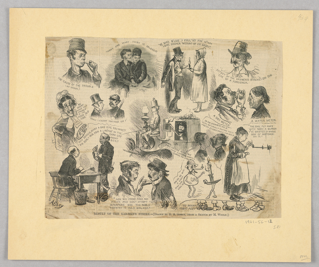 <ref name=CH>{{cite web |url=https://www-6.collection.cooperhewitt.org/objects/18439701/ |title=Print, Result of the Gas-Men's Strike, Illustration for Harper's Weekly (XVII, April 26, 1873) |author=Cooper Hewitt, Smithsonian Design Museum |accessdate=20 December 2025 |publisher=Smithsonian Institution}}</ref>
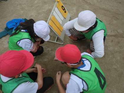 作戦タイムで勝ち方をチームで考えます。
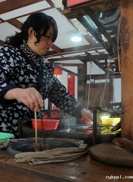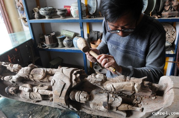 12、雕刻工艺师在古城门店里精雕细刻加工木雕。
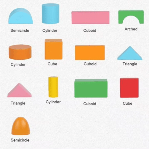 Setul include forme variate precum cuburi, cilindri, triunghiuri și alte forme geometrice, stimulând imaginația și capacitatea de rezolvare a problemelor.
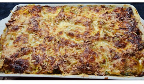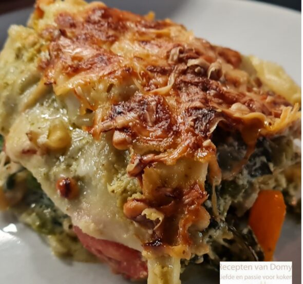 Heerlijke lasagne met romige groene pesto saus en groenten.
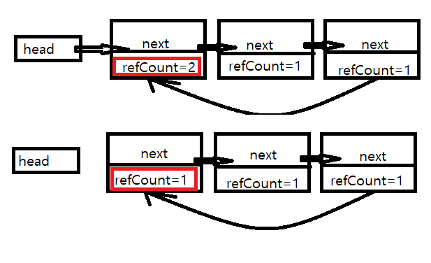 상단의 그림은 head가 맨 왼쪽의 첫 번째 item을 참조하여 refCount=1입니다. 그리고 맨 오른쪽에 있는 마지막 item이 맨 처음 item을 참조하기 때문에 1이 증가해 refCount=2이 됩니다.
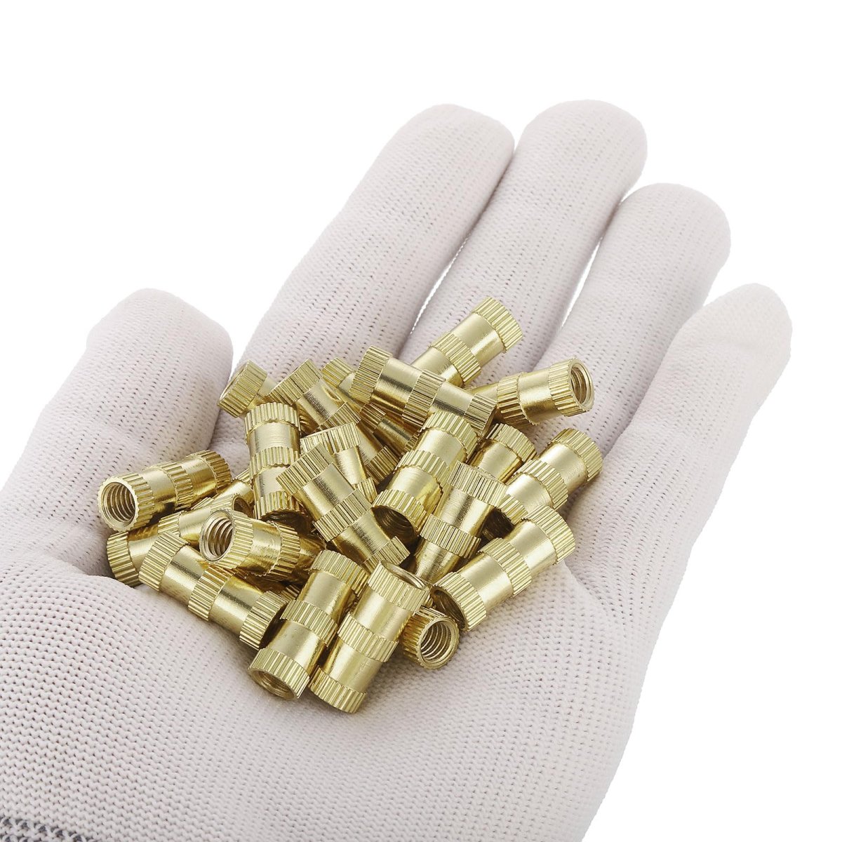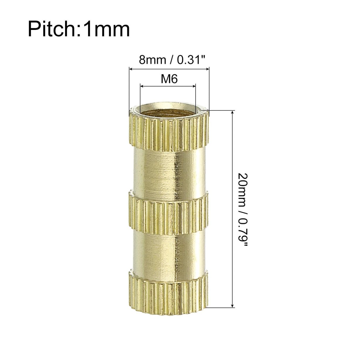 Thread Size: M6x1mm; Total Length: 20mm/0.79"; Outer Diameter+0.5/-0mm: 8mm/0.31"; Package Content: 15 x Knurl Thread Inserts Nuts. Material - Made of brass material, high hardness and durable. Provides good mechanical properties with increased corrosion and heat resistance. The high thermal conductivity of brass thread inserts means faster heating and insertion into plastic parts.. Feature - The embedding nut has a guide so there is no need for a counterbore or countersink. Smooth surface, firm, and uniform, easy to install.. Advantage - Due to the embossing process on the outer diameter of the insert, it forms certain friction and bites force with the brass insert after forming, which can be fixed on the inside so that it will not fall off easily. Has a certain torsion and tension.. Application - Can be installed by ultrasonic or heat into the plastic matrix, or formed during the injection, widely used in 3D printing injection molding, computer products, electronic products, circuit board fixing, etc., to achieve tight fixing..Other fine products
..........
:: Required work ::
All of the lines above should be printed exactly, minus the pictures.

:: Response for this exercise ::
 <ref name=CH>{{cite web |url=https://www-6.collection.cooperhewitt.org/objects/18439701/ |title=Print, Result of the Gas-Men's Strike, Illustration for Harper's Weekly (XVII, April 26, 1873) |author=Cooper Hewitt, Smithsonian Design Museum |accessdate=20 December 2025 |publisher=Smithsonian Institution}}</ref>
 作戦タイムで勝ち方をチームで考えます。
 12、雕刻工艺师在古城门店里精雕细刻加工木雕。
 Setul include forme variate precum cuburi, cilindri, triunghiuri și alte forme geometrice, stimulând imaginația și capacitatea de rezolvare a problemelor.
 Heerlijke lasagne met romige groene pesto saus en groenten.
 상단의 그림은 head가 맨 왼쪽의 첫 번째 item을 참조하여 refCount=1입니다. 그리고 맨 오른쪽에 있는 마지막 item이 맨 처음 item을 참조하기 때문에 1이 증가해 refCount=2이 됩니다.
 Thread Size: M6x1mm; Total Length: 20mm/0.79"; Outer Diameter+0.5/-0mm: 8mm/0.31"; Package Content: 15 x Knurl Thread Inserts Nuts. Material - Made of brass material, high hardness and durable. Provides good mechanical properties with increased corrosion and heat resistance. The high thermal conductivity of brass thread inserts means faster heating and insertion into plastic parts.. Feature - The embedding nut has a guide so there is no need for a counterbore or countersink. Smooth surface, firm, and uniform, easy to install.. Advantage - Due to the embossing process on the outer diameter of the insert, it forms certain friction and bites force with the brass insert after forming, which can be fixed on the inside so that it will not fall off easily. Has a certain torsion and tension.. Application - Can be installed by ultrasonic or heat into the plastic matrix, or formed during the injection, widely used in 3D printing injection molding, computer products, electronic products, circuit board fixing, etc., to achieve tight fixing..Other fine products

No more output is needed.